External job applicants do not have whistleblower protection
The recent Court of Appeal case of Sullivan v Isle of Wight Council has confirmed that external job applicants, other than those making applications within the NHS, do not have whistleblower protection.
Background
Ms Sullivan applied for two different financial positions with the Isle of Wight Council and attended interviews in October and December 2019. She was unsuccessful in her applications. In January 2020, she filed an online crime report with the police, alleging that she had been verbally assaulted during the interviews. She also made a complaint to the Council, which was investigated and it was found that there was no evidence of any wrongdoing by staff. Therefore, Ms Sullivan’s complaint was not upheld.
Ms Sullivan also sent a letter to her MP detailing certain things that had allegedly occurred at the interviews and complaining about the activities of a charitable trust (a member of the Council interviewing panel was a trustee of the trust). Ms Sullivan subsequently brought a whistleblowing claim against the Council in the Employment Tribunal (“ET”), arguing that the Council’s refusal to allow a further review of her complaint was a detriment because she had made a protected disclosure of information.
Under the Employment Rights Act 1996 (“ERA”), whistleblowing protection is provided for workers and NHS job applicants but this protection does not extend to job applicants generally.

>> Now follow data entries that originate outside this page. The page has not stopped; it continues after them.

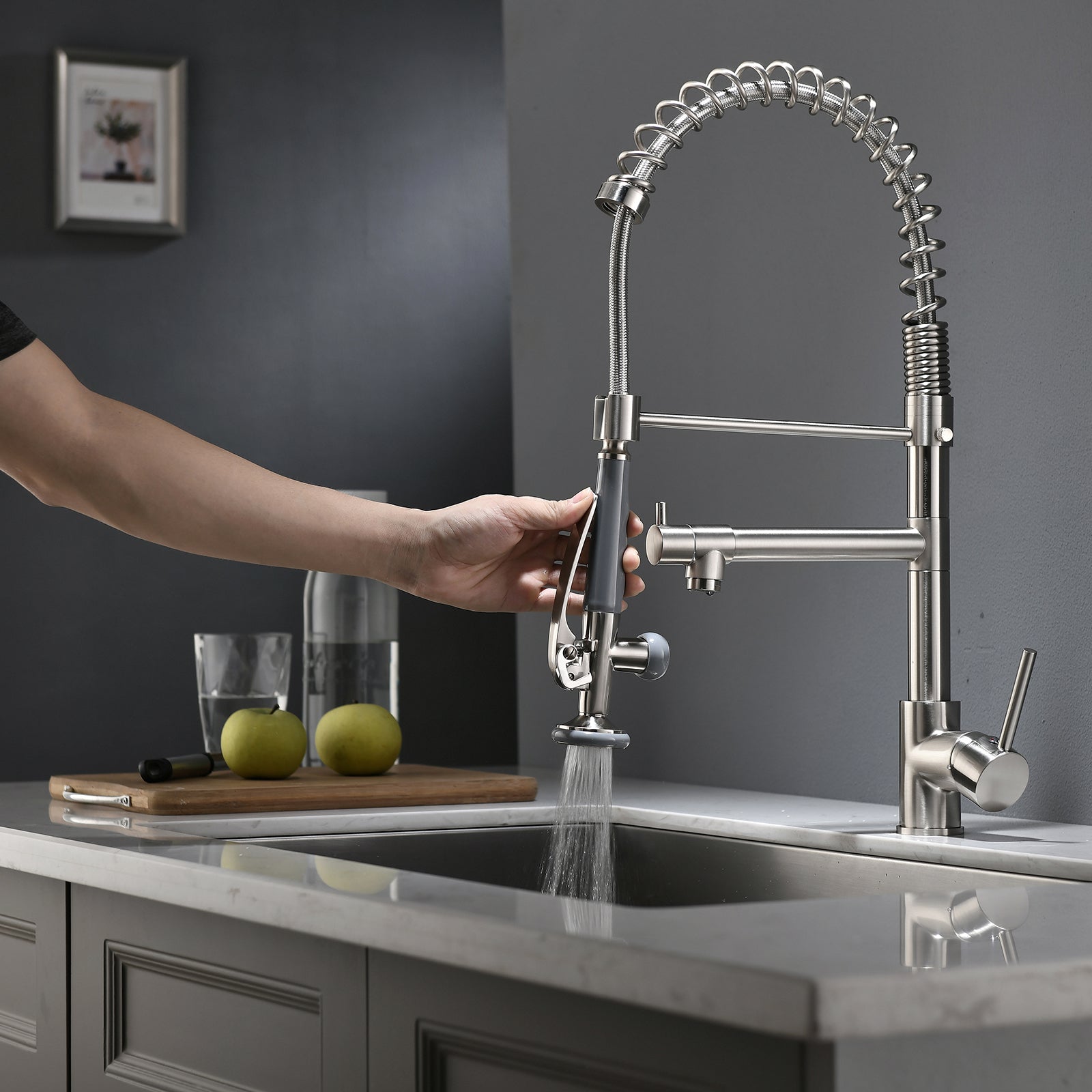 Give your kitchen a quick modern makeover with spring single handle pull down sprayer faucet
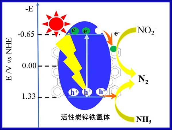 在紫外可見光照射下,基于活性炭鋅鐵氧體催化劑通過兩個步驟成功地同時去除亞硝酸鹽和氨。通過氣相色譜檢測產(chǎn)物表明在光催化過程中氮氣被釋放出來。XPS測量和鋅鐵氧體能帶結構分析表明,鋅鐵氧體的還原電位低于亞硝酸鹽的還原電位,因此光生電子可以在照射下將亞硝酸鹽還原為氮氣。對比下高于氨的電位,因此光生空穴可以將氨氧化成氮氣;钚蕴恳饚兜募t移,光生電子空穴對的分離,亞硝酸鹽和氨的吸附,促進光催化活性。
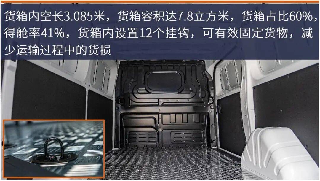 貨箱尺寸方面,其貨箱內(nèi)空長3.085米,貨箱容積達8立方米,得艙率41%,能輕松容納大體積、多批次貨物,滿足城配、城際運輸中的“多拉”需求。同時,貨箱內(nèi)設置12個掛鉤,可有效固定貨物,減少運輸過程中的貨損,降低經(jīng)濟損失。
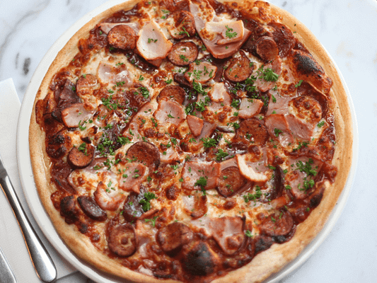 Pizza sauce, cheese, ham, pepperoni, red onions, olives, roast capsicum, mushrooms, garlic, herbs & parmesan. Free anchovies available on request
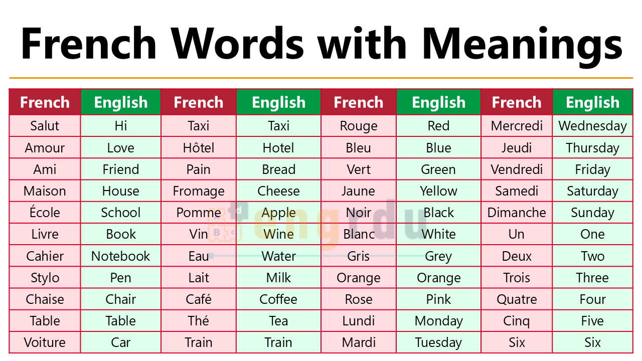 100+ French Words with Meanings
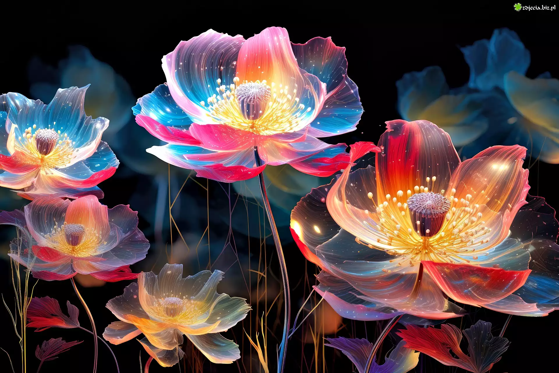 Zdjęcie Kwiaty, Lotosy, Kolorowe, Czarne, Tło, Grafika
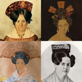 The peinetón (plural: peinetones) is a large, decorative comb that originated in Buenos Aires, Argentina and became very fashionable among its female inhabitants as well as those of Montevideo, Uruguay between the late 1820s and the mid to late 1830s.[1][2] Although its origin can be traced back to the traditional Spanish peineta, the peinetón derived into a different headpiece altogether, both for its physical characteristics as well as for the symbolic meanings around its use.[3][2] The peineta was introduced to Buenos Aires around 1815 and, as early as 1824, interest began to grow in larger and more elaborate models, eventually giving rise to the peinetón that had its heyday between 1830 and 1837.[2] The accessory emerged during the Romantic era[note 1] of Western fashion, and was worn alongside dresses with small waists and large, voluminous sleeves.[4]
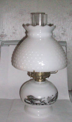 JEANNETTE WHITE MILK GLASS OIL LAMP Currier Ives nobox

Ms Sullivan was not a worker within the meaning of the ERA, or an applicant for a post with an NHS employer. Under an ordinary interpretation of the ERA, she was therefore not afforded protection in relation to any protected disclosure she made. However, she asserted that the legislation was incompatible with Article 14 (prohibition of discrimination) and Article 10 (freedom of expression) of the European Convention of Human Rights (“ECHR”) as it protected workers and applicants for NHS posts but not job applicants generally.
Employment Tribunal Decision
The ET held it had no jurisdiction to hear the claim, and that Ms Sullivan was not in a materially analogous position to internal workers or applicants for NHS posts, for which specific whistleblowing provisions would apply.
The ET also held that treatment done on the basis that a person was a job applicant was not done on the ground of some “other status” pursuant to Article 14 of the ECHR.
Finally, the ET held that any difference in treatment was objectively justifiable.
Employment Appeal Tribunal Decision
On appeal by Ms Sullivan, the Employment Appeal Tribunal (“EAT”) upheld the decision of the ET and stated that she was not in a materially analogous position to workers or applicants of NHS posts, and that being an applicant for a job was not a status for the purpose of Article 14 of the ECHR.
Court of Appeal Decision
Ms Sullivan appealed to the Court of Appeal which dismissed her appeal. It was again held that she was not in a materially analogous or relevant similar position to the other groups. The Court held that the legislation is aimed at disclosures by those in work and that the position of someone seeking work was materially different to someone in work.
The Court distinguished whistleblowing protection afforded to NHS job applicants, stating that the need to safeguard patient safety, and to ensure that those who disclosed information relevant to those issues were not disadvantaged in the NHS recruitment process, did not apply to job applicants in other sectors.
However, the Court held that external job applicants could belong to some “other status” pursuant to Article 14 of the ECHR, which prohibits discrimination on any ground such as sex, race, or other specified grounds or “other status”. It was a characteristic capable of distinguishing one group from another and was also an acquired characteristic, resulting from something that an individual had chosen to do, for instance, apply for a job.
It was further considered whether any difference in treatment was objectively justifiable. The Court considered that Parliament had implicitly in 1998 and explicitly in 2015 considered whether the legislation should be amended to include job applicants and had rejected the proposed amendment. Therefore, Parliament had weighed the competing interests of the wider community to encourage disclosure of information, the interests of workers, applicants for posts in the NHS and applicants more widely.
Finally, it was confirmed that, in relation to the scope of the claim, Ms Sullivan had suffered a detriment by not being allowed to pursue her complaint about alleged financial irregularities at a charitable trust. This complaint was made as a member of the public and was not made in connection with the fact that she had applied for a job with the Council.
Comment
This case serves as a useful reminder and confirmation by the Court of Appeal that job applicants are not generally afforded protection if they raise whistleblowing concerns during the recruitment process.
The judgment is also significant in recognising that being a job applicant could constitute some “other status” for the purpose of Article 14 of the ECHR.